* [EXERCISE MATERIAL]:
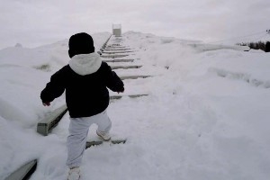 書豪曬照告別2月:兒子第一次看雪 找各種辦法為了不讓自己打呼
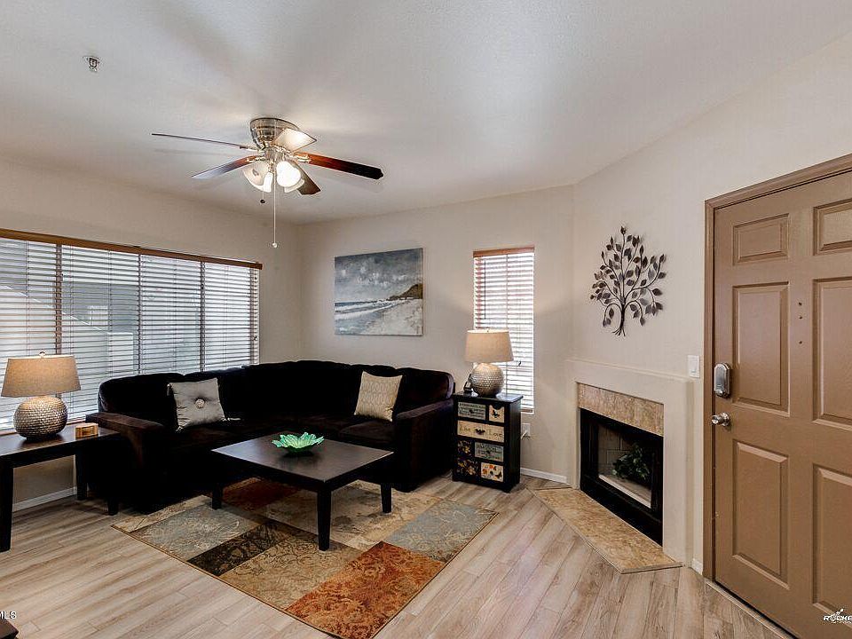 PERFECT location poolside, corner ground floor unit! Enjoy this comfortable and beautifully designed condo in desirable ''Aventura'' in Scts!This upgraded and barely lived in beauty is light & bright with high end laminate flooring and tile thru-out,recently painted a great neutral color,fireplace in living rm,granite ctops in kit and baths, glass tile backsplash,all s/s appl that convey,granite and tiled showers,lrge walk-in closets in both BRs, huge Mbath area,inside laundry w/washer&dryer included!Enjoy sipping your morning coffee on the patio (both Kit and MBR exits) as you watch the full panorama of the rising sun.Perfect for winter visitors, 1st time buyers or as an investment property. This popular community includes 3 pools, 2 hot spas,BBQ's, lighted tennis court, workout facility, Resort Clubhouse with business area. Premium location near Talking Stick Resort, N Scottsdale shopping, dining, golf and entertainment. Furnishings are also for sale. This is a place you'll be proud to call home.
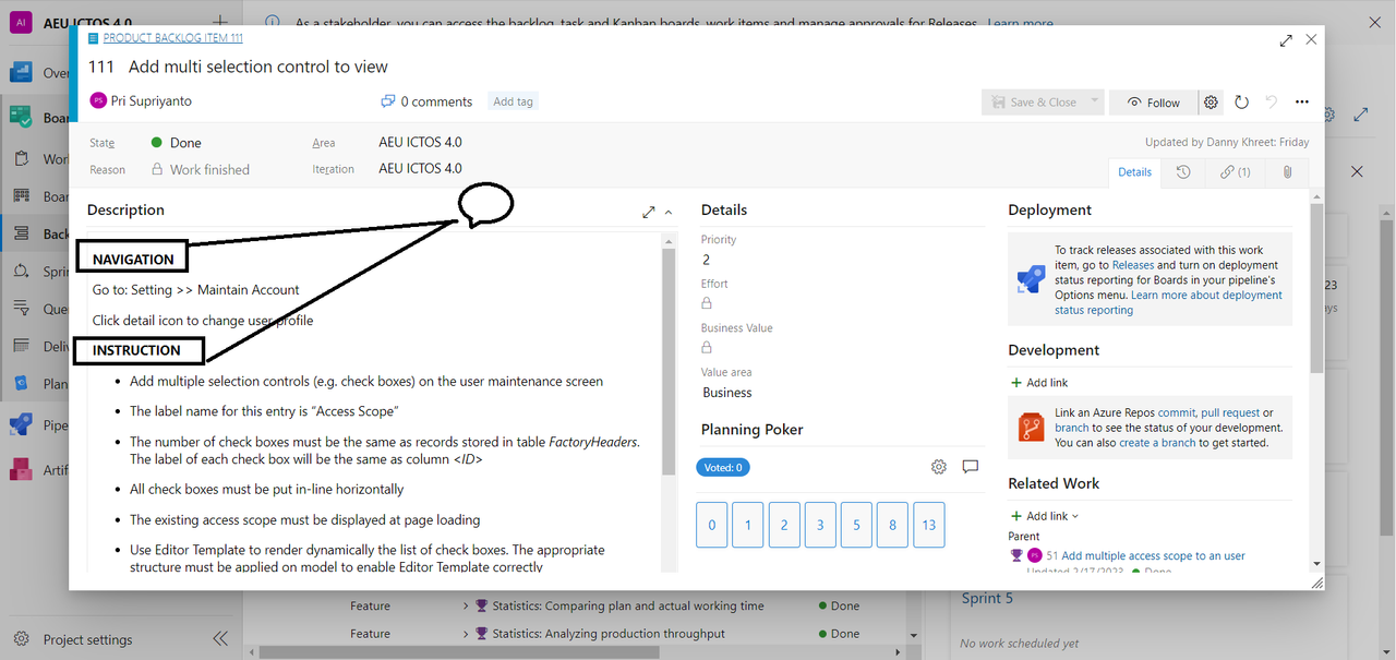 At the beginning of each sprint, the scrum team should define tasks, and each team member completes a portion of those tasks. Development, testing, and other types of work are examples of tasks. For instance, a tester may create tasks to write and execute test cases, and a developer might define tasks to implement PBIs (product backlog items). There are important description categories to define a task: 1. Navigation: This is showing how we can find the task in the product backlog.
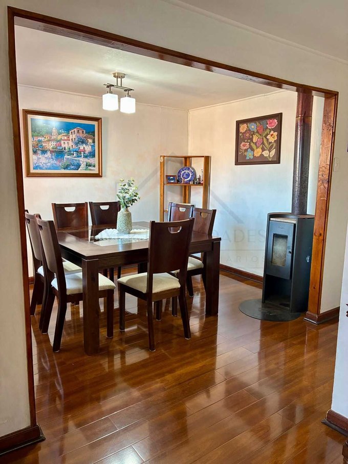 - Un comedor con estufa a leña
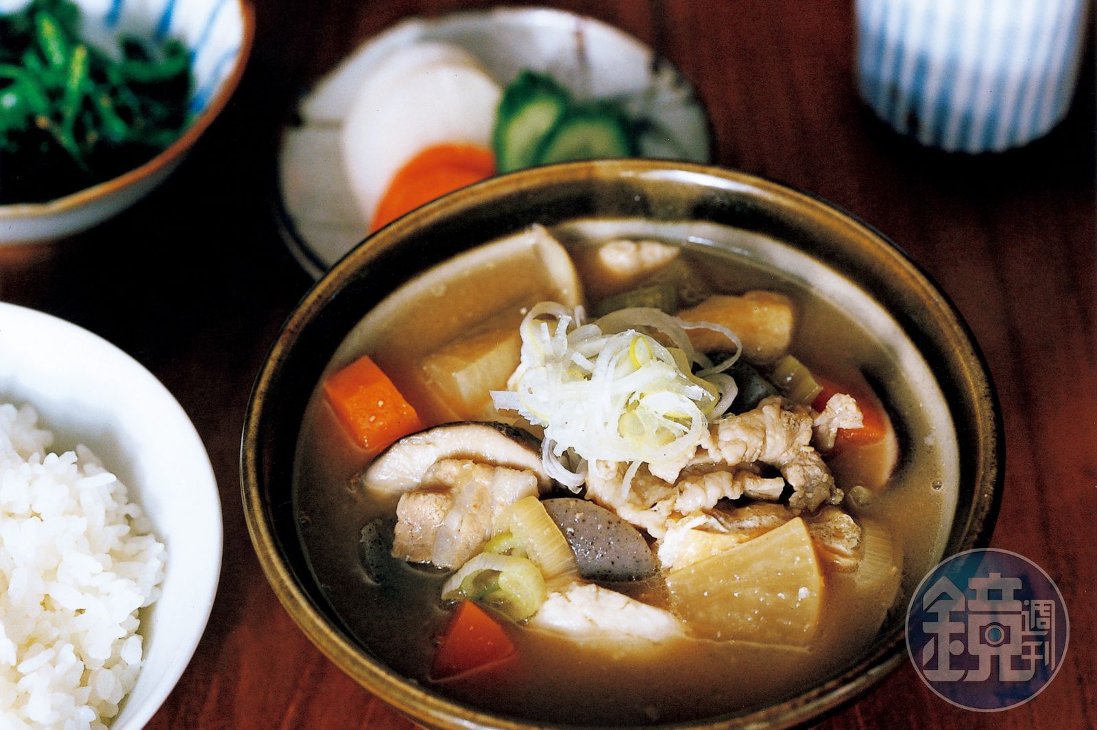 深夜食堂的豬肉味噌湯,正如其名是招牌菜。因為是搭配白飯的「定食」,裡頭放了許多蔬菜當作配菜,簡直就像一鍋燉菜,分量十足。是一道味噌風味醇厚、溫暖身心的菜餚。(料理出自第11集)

...

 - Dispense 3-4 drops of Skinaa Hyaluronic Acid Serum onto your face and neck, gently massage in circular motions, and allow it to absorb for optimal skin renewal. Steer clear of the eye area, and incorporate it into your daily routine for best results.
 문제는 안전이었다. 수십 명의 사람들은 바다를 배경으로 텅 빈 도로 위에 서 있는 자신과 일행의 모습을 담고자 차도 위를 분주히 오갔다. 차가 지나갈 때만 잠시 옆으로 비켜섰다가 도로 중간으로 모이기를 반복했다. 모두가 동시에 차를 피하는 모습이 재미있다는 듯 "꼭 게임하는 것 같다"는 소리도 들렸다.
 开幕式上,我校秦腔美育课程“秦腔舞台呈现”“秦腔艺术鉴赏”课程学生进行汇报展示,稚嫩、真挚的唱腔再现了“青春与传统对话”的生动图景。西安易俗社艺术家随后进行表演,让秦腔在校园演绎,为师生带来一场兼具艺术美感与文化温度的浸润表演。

==

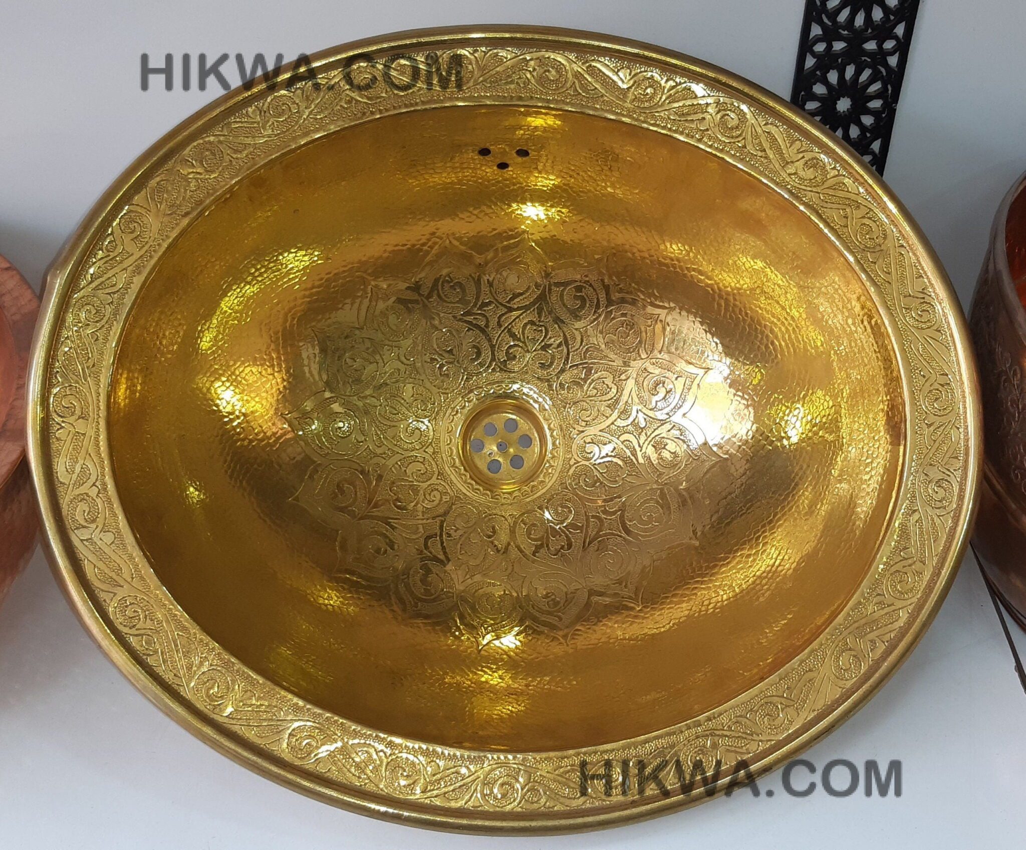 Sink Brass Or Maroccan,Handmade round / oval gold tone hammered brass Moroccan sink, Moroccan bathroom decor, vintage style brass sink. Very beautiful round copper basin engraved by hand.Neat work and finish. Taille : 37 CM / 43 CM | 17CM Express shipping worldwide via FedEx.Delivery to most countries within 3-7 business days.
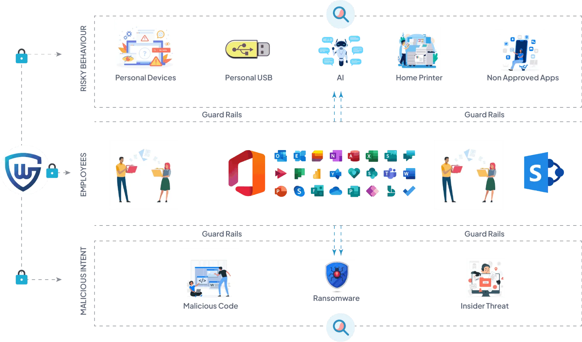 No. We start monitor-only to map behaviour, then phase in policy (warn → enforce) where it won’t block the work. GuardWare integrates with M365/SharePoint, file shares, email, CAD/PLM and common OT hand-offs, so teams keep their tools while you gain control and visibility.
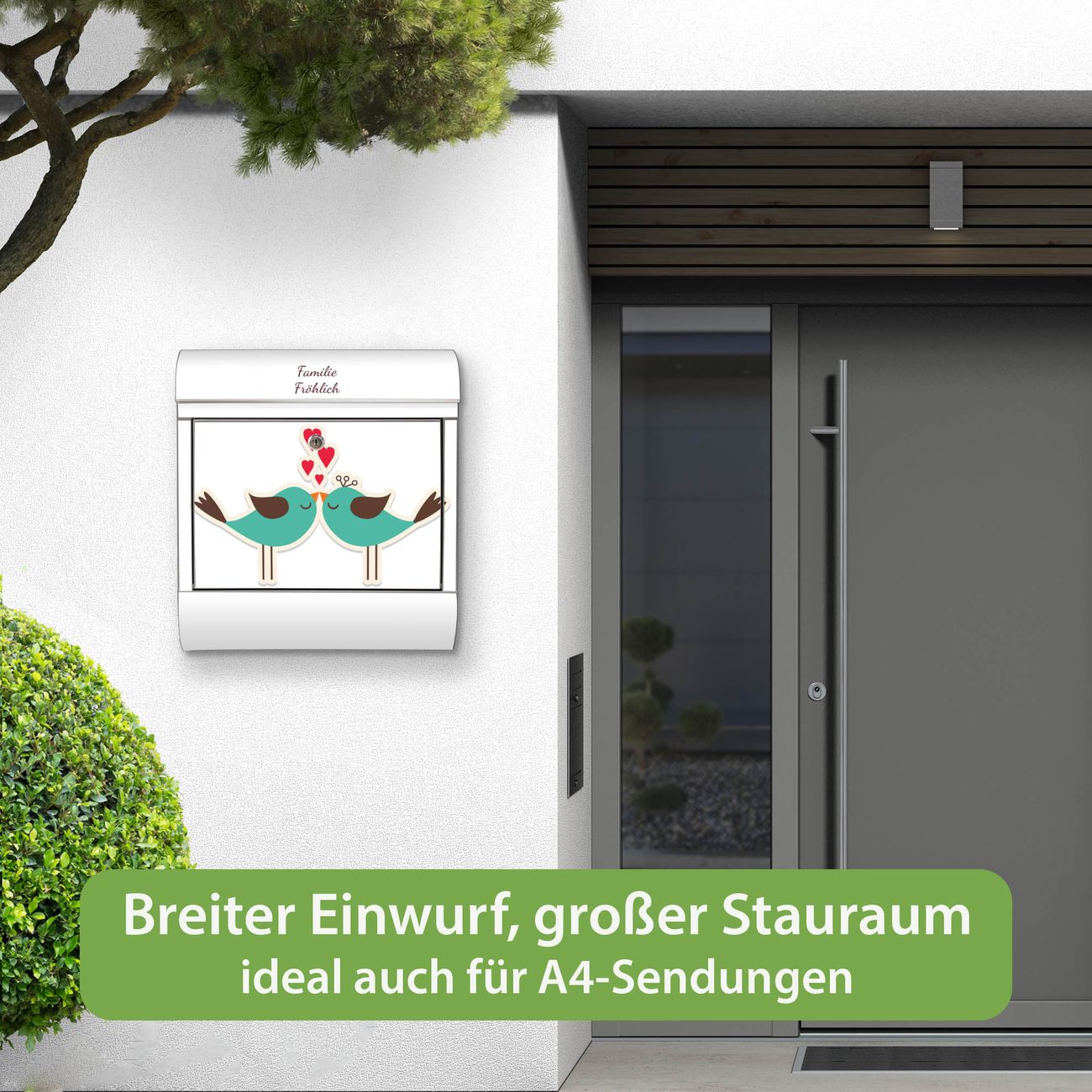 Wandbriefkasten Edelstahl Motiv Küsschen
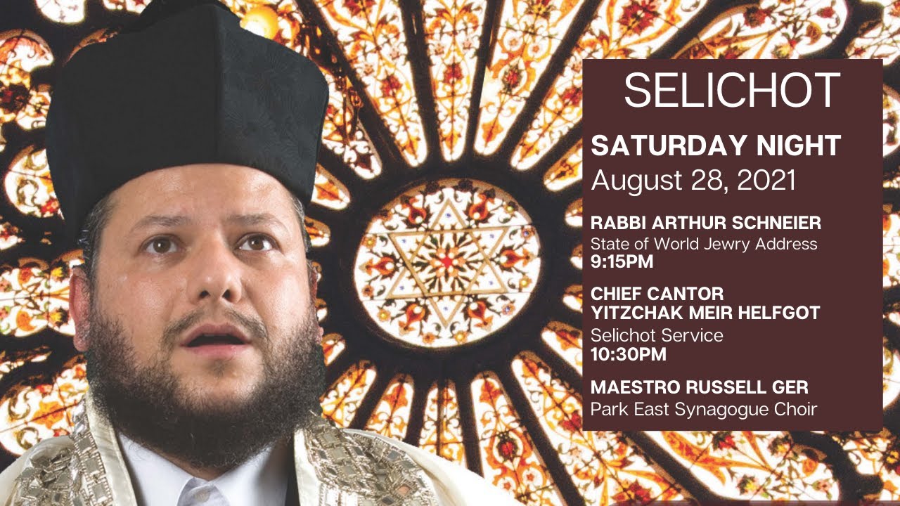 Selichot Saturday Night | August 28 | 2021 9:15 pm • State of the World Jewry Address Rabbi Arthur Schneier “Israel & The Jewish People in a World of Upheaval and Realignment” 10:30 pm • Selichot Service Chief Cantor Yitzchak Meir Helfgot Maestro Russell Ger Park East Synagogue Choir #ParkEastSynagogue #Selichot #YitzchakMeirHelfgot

* [EXERCISE AIM]: Look above for the line with "Wandbriefkasten Edelstahl Motiv Küsschen" and the line with "Selichot Saturday Night", then copy them and all lines in between exactly as written, and only those, without any pictures.

* [REPLY TO THE TASK]:
 Wandbriefkasten Edelstahl Motiv Küsschen
 Selichot Saturday Night | August 28 | 2021 9:15 pm • State of the World Jewry Address Rabbi Arthur Schneier “Israel & The Jewish People in a World of Upheaval and Realignment” 10:30 pm • Selichot Service Chief Cantor Yitzchak Meir Helfgot Maestro Russell Ger Park East Synagogue Choir #ParkEastSynagogue #Selichot #YitzchakMeirHelfgot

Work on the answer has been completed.